Motivated by the significant benefits that can be gained and the challenges involved from a clinical perspective, there has been a recent interest in leveraging artificial intelligence for computer-aided clinical decision support of pulmonary fibrosis based on CT images (Levin, 2018; Walsh et al., 2018; Christe et al., 2019; Walsh et al., 2020). For instance, Anthimopoulos et al. (2016) use a deep convolutional neural network to analyze 2D patches from the CT image to classify reticulation, honeycombing, ground glass opacity (GGO), consolidation, and micronodules in lung tissue. Christodoulidis et al. (2016) proposed a multi-source transfer learning approach with deep convolutional neural networks pre-trained with a selection of texture data sets, again with the goal of classifying 2D image patches of lung tissue in CT. Bermejo-Peláez et al. (2020) describe a method using an ensemble of deep convolutional neural networks where the output of each network is summed up and weighted before being combined to form the overall output of the ensemble.

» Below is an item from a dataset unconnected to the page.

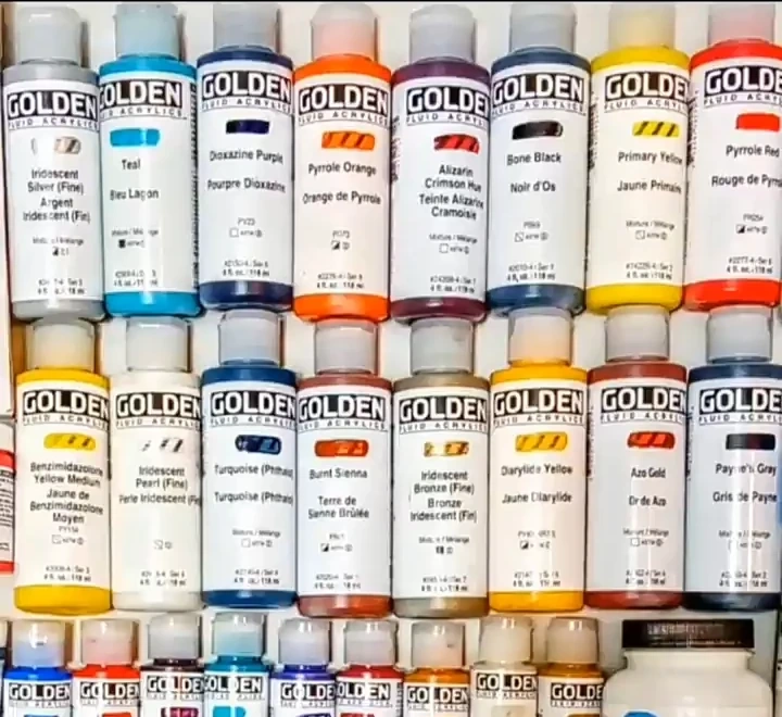 A collection of Golden Fluid Acrylic paints in various colours. Perfect for artists and crafters looking for high-quality pigments and smooth consistency. These paints are known for their versatility and vibrant colours, making them ideal for a wide range of artistic techniques
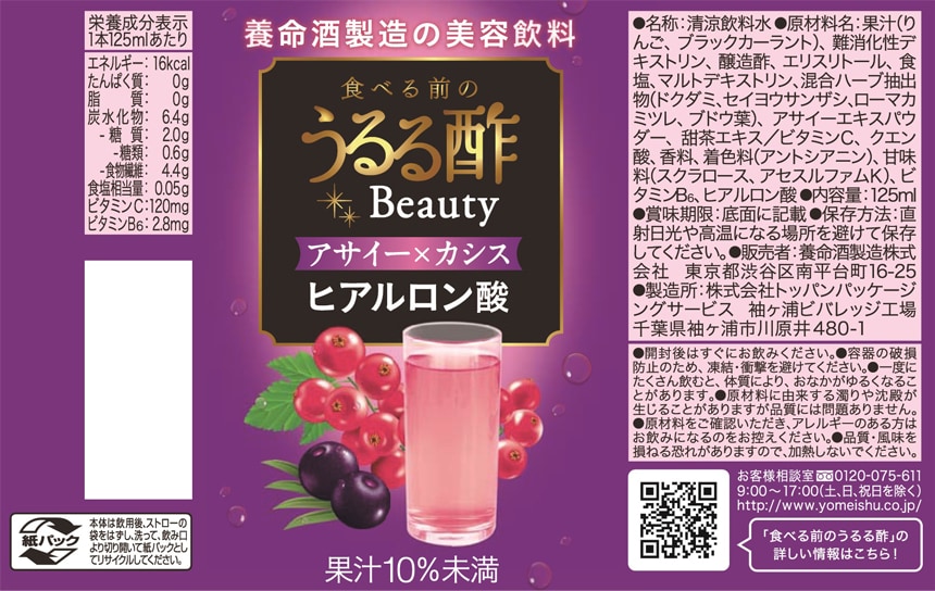 [72本]養命酒製造 食べる前のうるる酢ビューティー アサイー×カシス味 125ml | 飲みやすい「アサイー×カシス味」で低カロリーな美容サポートドリンク。

More recently, the significant potential and need for advancements in artificial intelligence-driven methods for computer-aided clinical decision support of pulmonary fibrosis was exemplified by the Kaggle Pulmonary Fibrosis Progression Challenge (OSIC, 2020). This challenge was launched by the Open Source Imaging Consortium (OSIC) to get the research community to accelerate advancement of machine learning for pulmonary fibrosis assessment. To the best of the authors’ knowledge, the patient cohort curated by OSIC for the challenge is the largest publicly available cohort in literature. Amongst the many artificial intelligence solutions introduced as part of the challenge, the 1st place winning solution (OSIC, 2020) proposed a weighted ensemble between a deep convolutional neural network with a state-of-the-art EfficientNet-B5 network architecture design (Tan and Le, 2020) and a multiple quantile regressor to predict the lung function decline of a patient based on a patient’s CT scans, initial spirometry measurement, and clinical metadata.

To the best of the authors’ knowledge, the notion of explainability-driven performance validation of the decision-making behavior of artificial intelligence solutions for the prediction of pulmonary fibrosis progression have not been previously explored in literature. Such validation can be very valuable for driving greater clinical adoption of such solutions in a transparent and trusted manner. Furthermore, while explainability-driven performance validation strategies has been demonstrated to be very successful in past studies for the purpose of clinical classification (Gunraj and Wong, 2020; Wang et al., 2020; Wong et al., 2021a; Gunraj et al., 2021), to the best of the authors’ knowledge this is the first study in literature to successfully leverage explainability-driven performance validation on a clinical regression problem.

3 Materials and Methods

3.1 Data Preparation and Analysis

To build the proposed Fibrosis-Net, we leverage the patient cohort from the OSIC Pulmonary Fibrosis Progression Challenge (OSIC, 2020). The data for this patient cohort consists of chest CT scans, forced vital capacity (FVC) measurements from frequent visits over the course of around 1–3 years, and associated clinical metadata (i.e., age, sex, smoking status, and patient’s relative FVC measurement compared to the typical FVC measurement of a patient with similar characteristics). More specifically, in this study, the training set consists of 172 patient cases, while the test set consists of approximately 28 patient cases. To the best of the authors’ knowledge, the patient cohort curated for this challenge is the largest publicly available cohort in literature.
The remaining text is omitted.